I think I'm doing something wrong in the code:
function [x,niter,resrel] = Parallel_Jacobi(A,b,TOL,MAXITER)
[n, m] = size(A);
D = 1./spdiags(A,0);
B = speye(n)-A./spdiags(A,0);
C= D.*b;
x0=sparse(zeros(length(A),1));
spmd
cod_vett=codistributor1d(1,codistributor1d.unsetPartition,[n,1]);
cod_mat=codistributor1d(1,codistributor1d.unsetPartition,[n,m]);
B= codistributed(B,cod_mat);
C= codistributed(C,cod_vett);
x= codistributed(B*x0 + C,cod_vett);
Niter = 1;
TOLX = TOL;
while(norm(x-x0,Inf) > norm(x0,Inf)*TOLX && Niter < MAXITER)

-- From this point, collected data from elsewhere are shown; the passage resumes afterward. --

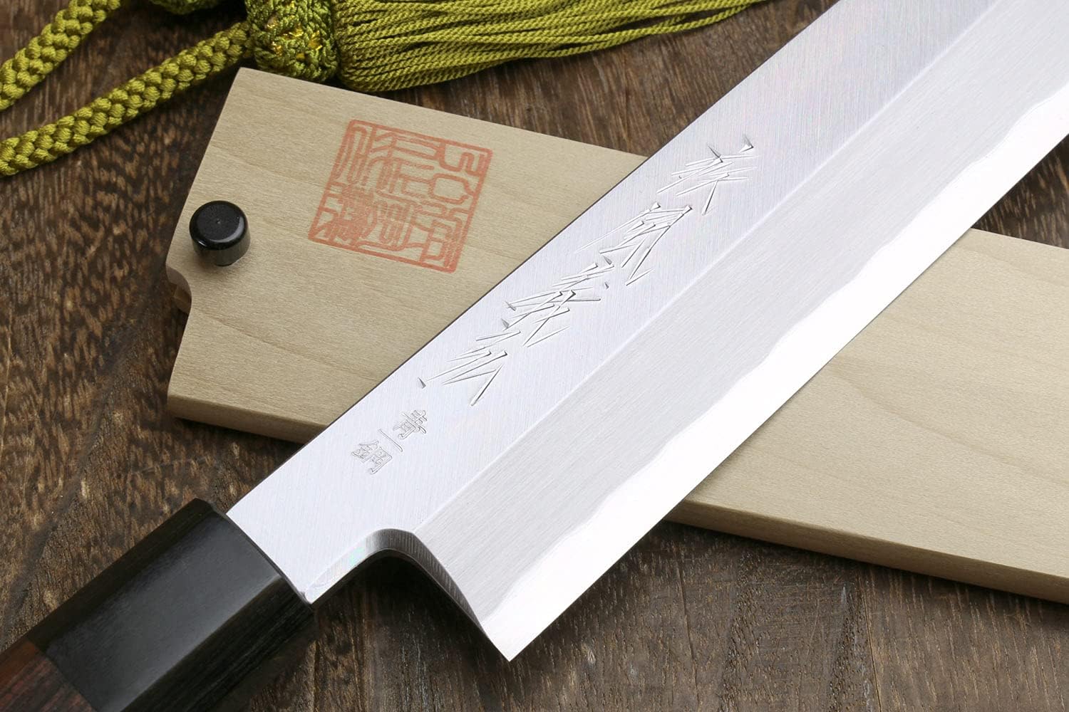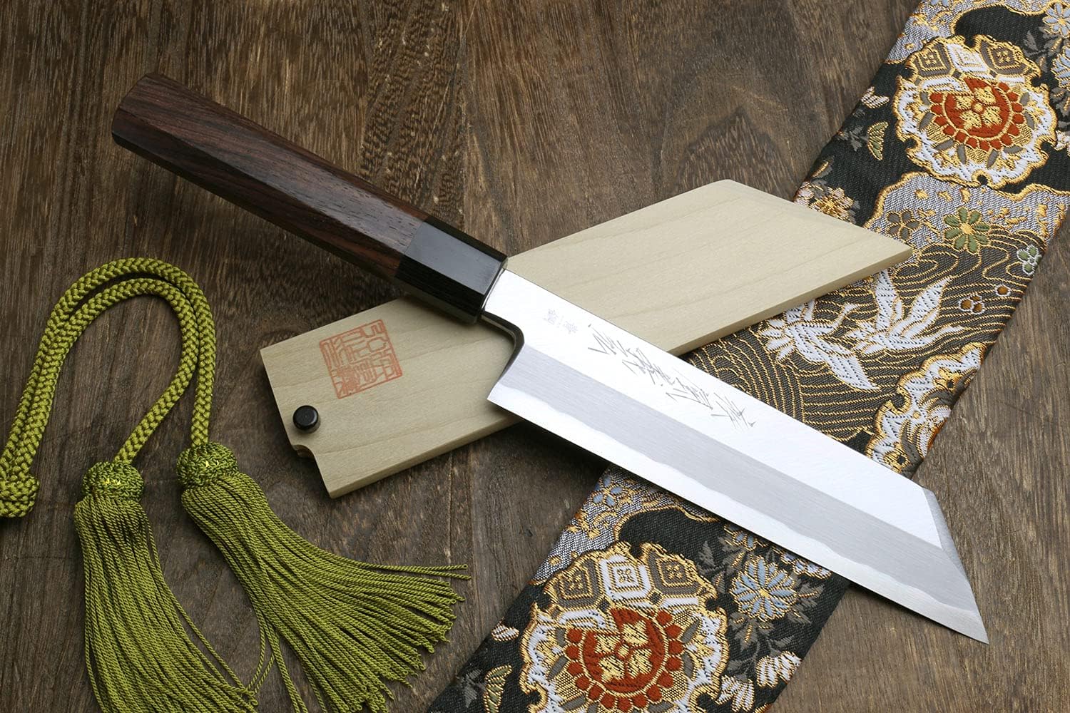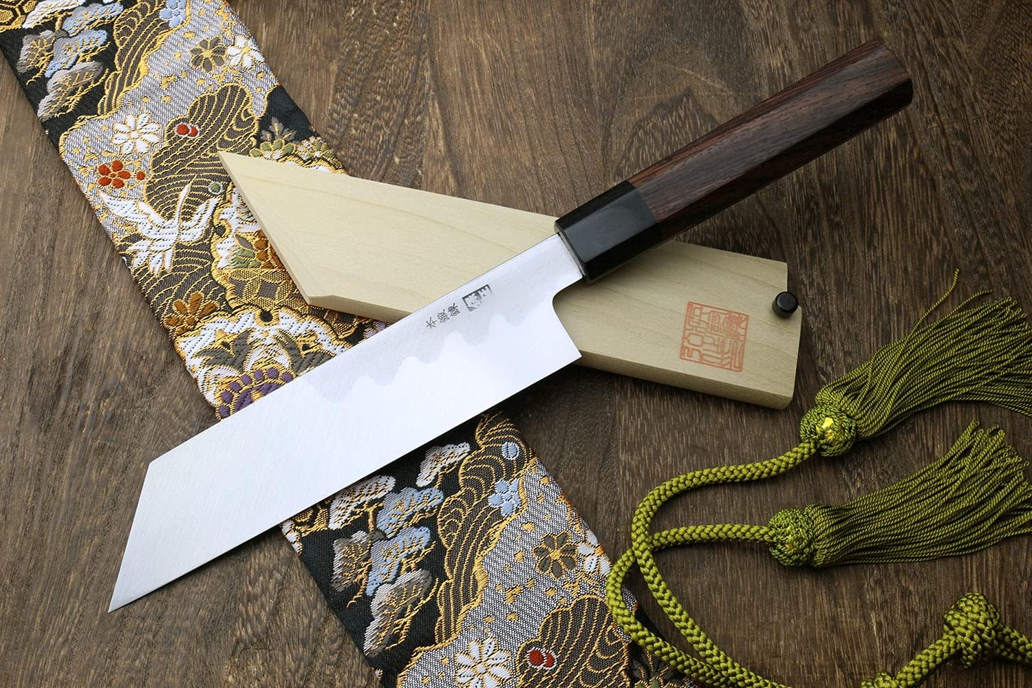 Knife Features→KNIFE CAN BE OXIDIZED WITHOUT PROPER CARE *RECOMMEND FOR PROFESSIONAL ONLY*→ Blade Material: Blue Steel #1→Edge Angle: Single Edged→Grade: Ao-Namiuchi→Handle Shape: Octagonal / Handle Material: Magnolia→HRC:64→Knife Style: Kenmuki Utility Vegetable Knife→Stain Resistant: No→Saya Cover: Magnolia Saya CoverOur Handmade Yoshihiro Aonamiuchi Blue Steel knives are crafted with extraordinary skill by our master artisans. Aoko Blue Steel #1 with a hardness on the Rockwell scale of 64, is intricately forged with iron to create beautiful wave like patterns. It takes a very high degree of skill to create knives of exceptional performance with such exquisite beauty. Namiuchi means wave forged, and our master artisans blend aesthetics with the highest quality materials and craftsmanship.Kenmuki knife is a traditional Japanese knife that is used for smaller precision tasks and can intricately carve and style vegetables and fruits for beautiful presentations and garnished. Even the simplest of tasks are elevated with a handcrafted knife that is as beautiful as it is functional.Proudly made in Japan and not mass produced. This knife is complimented with a traditional Japanese Wa-style handcrafted Octagonal Handle that is lightweight and ergonomically welds to the hand for seamless use. A protective wooden sheath called a Saya is included, which protects the knife and adds to its appearance when not in use. Every knife from Yoshihiro is handcrafted by master artisans creating a unique one-of-a-kind work of art.Traditional Japanese knife making values a sharp edge, which requires attention and care. Sharpening and honing should be done with only water whetstones. Hand wash and dry only, and do so immediately if working with acidic ingredients. Do not use on objects such as bones, nutshells, and frozen foods.
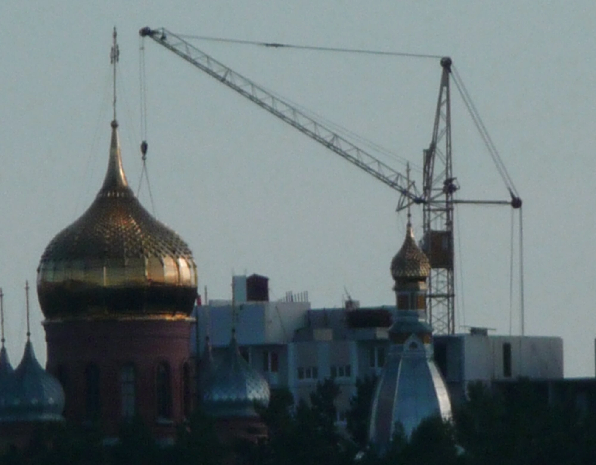 На заднем плане снимка виден строительный кран, что свидетельствует о проведении масштабных реставрационных или строительных работ на территории храмового комплекса. Это подчёркивает непрерывный процесс заботы и сохранения духовного наследия, которое имеет огромное значение для православной общины Сибири.
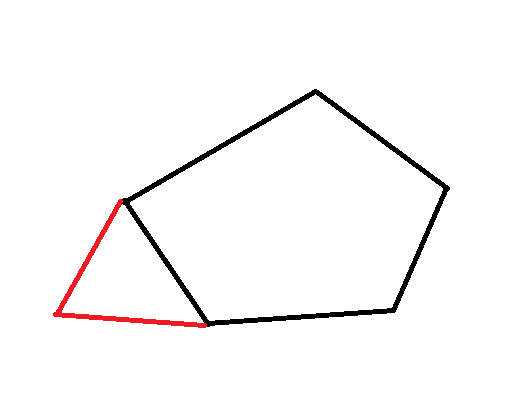 Om du utgår från en -hörning kan du skapa en -hörning genom att lägga till en triangel såhär (och sedan ta bort linjen som separerar triangeln och -hörningen). Hur många grader "läggs" då till till vinkelsumman?
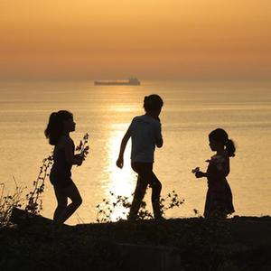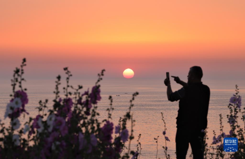 5月28日,一名男子在黎巴嫩贝鲁特的海边拍摄日落景色。
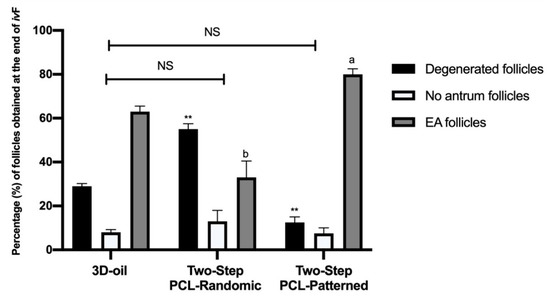 Percentage (%) of degenerated, no antrum and EA follicles per groups at the end of ivF culture. A total of 120, 125, and 122 follicles were cultured in three independent experiments during which 3D-oil, Two-Step PCL-Randomic and Two-Step PCL-Patterned electrospun scaffolds were simultaneal compared (3D-oil: 40, 40 and 40 PA follicles per experiments; Two-Step PCL-Randomic: 41, 42 and 42 follicles PA follicles per experiments; Two-Step PCL-Patterned: 41, 40, and 41 PA follicles per experiments). For each ivF group (3D-oil, PCL-Randomic and PCL-Patterned electrospun scaffolds) 75, 39 and 96 EA follicles as well as 24, 44, and 10 degenerated follicles were collected at the end of in vitro culture, respectively. a,b: statistically significant vs. EA follicles of the 3D-oil group (p < 0.05 and p < 0.01, respectively); **: statistically significant vs. degenerated follicles of the 3D-oil group (p < 0.01). NS: not statistically significant.
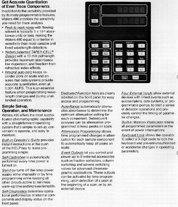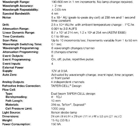 The 6000 psig operating pressure lets you take advantage of the speed and efficiency of all microparticulate columns. An automatic high pressure shut off mechanism protects your columns. The mechanically activated outlet check valve and real design gives greater reliability under any operating conditions, even when using volatile solvents such as hexane und methylene chloride. Advanced seal material and mechanical design aid in precise solvent delivery und significantly extend the life of the pump. A Plunger Wash Kit is also available to extend the life of the seals when performing buffered mobile phase applications.
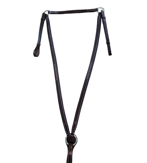 Black Oak Raised Fancy Stitched Hunter Breastplate has traditional elegance with round raising and fine stitching on Havana brown leather. This traditional hunter breastplate is perfect for completing your hunter tack and keeping your saddle from slipping.
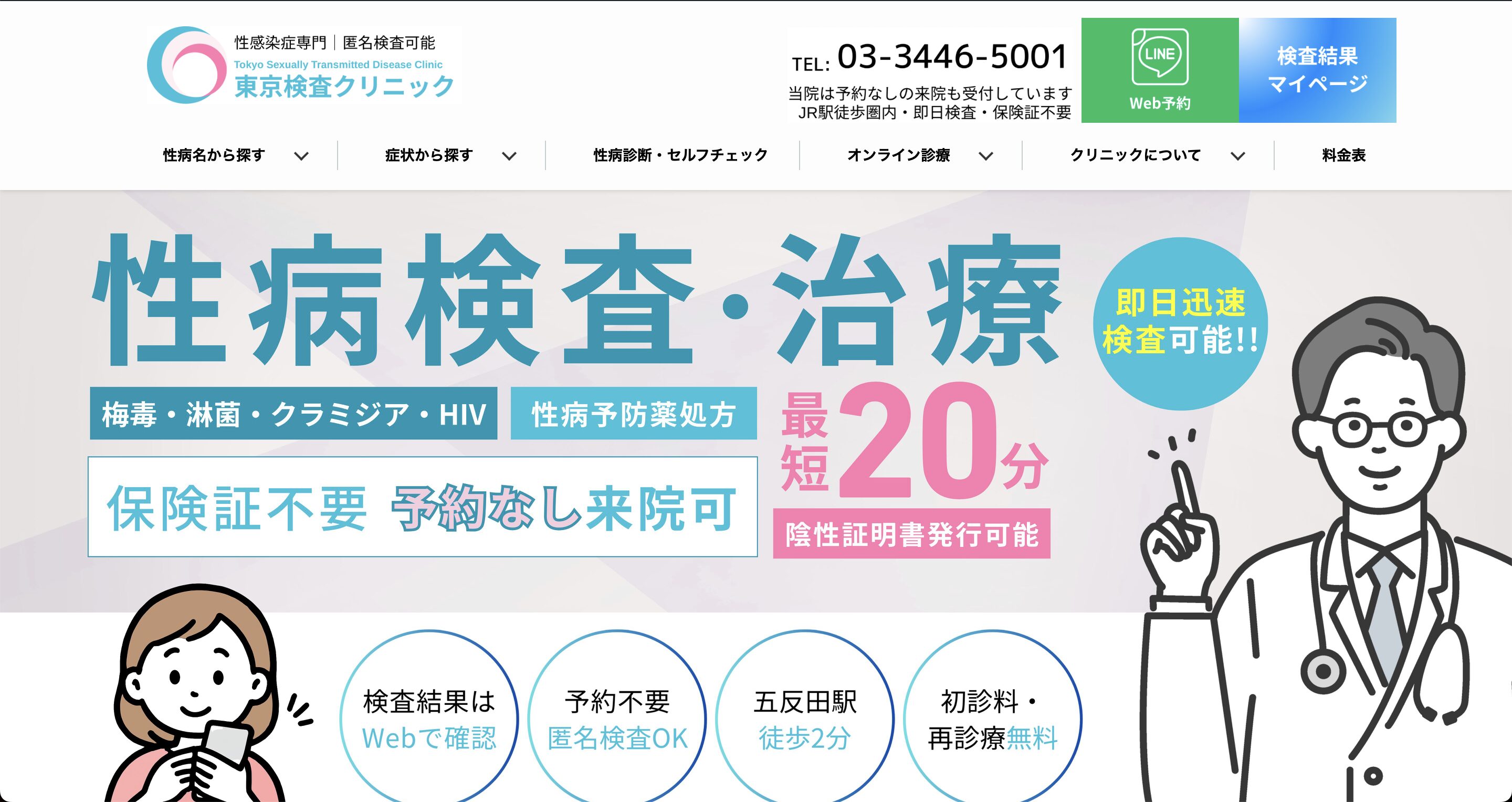 | クリニック名 | 五反田で性病検査なら東京検査クリニック五反田院 |

if(TOL*norm(x,Inf) > realmin)
TOLX = norm(x,Inf)*TOL;
else
TOLX = realmin;
end
x0 = x;
x = B*x0 + C;
Niter=Niter+1;
end
end
Niter=Niter{1};
x=gather(x);
end
Below there are the tests
%sequential Jacobi
format long;
A = gallery('poisson',20);
tic;
x= jacobi(A,ones(400,1),1e-6,2000000);
toc;
Elapsed time is 0.009054 seconds.
%parallel Jacobi
format long;
A = gallery('poisson',20);
tic;
x= Parallel_Jacobi(A,ones(400,1),1e-6,2000000);
toc;
Elapsed time is 11.484130 seconds.
I timed the parpool
function with 1,2,3 and 4 workers (I have a quad core processor) and the result is the following:
%Test
format long;
A = gallery('poisson',20);
delete(gcp('nocreate'));
tic
%parpool(1/2/3/4) means that i executed 4 tests that differ only for the
%argument in the function: first parpool(1), second parpool(2) and so on.
parpool(1/2/3/4);
toc
tic;
x= Parallel_Jacobi(A,ones(400,1),1e-6,2000000);
toc;
4 workers: parpool=13.322899 seconds, function=23.772271
3 workers: parpool=10.911769 seconds, function=16.402633
2 workers: parpool=9.371729 seconds, function=12.945154
1 worker: parpool=8.460357 seconds, function=7.982958 .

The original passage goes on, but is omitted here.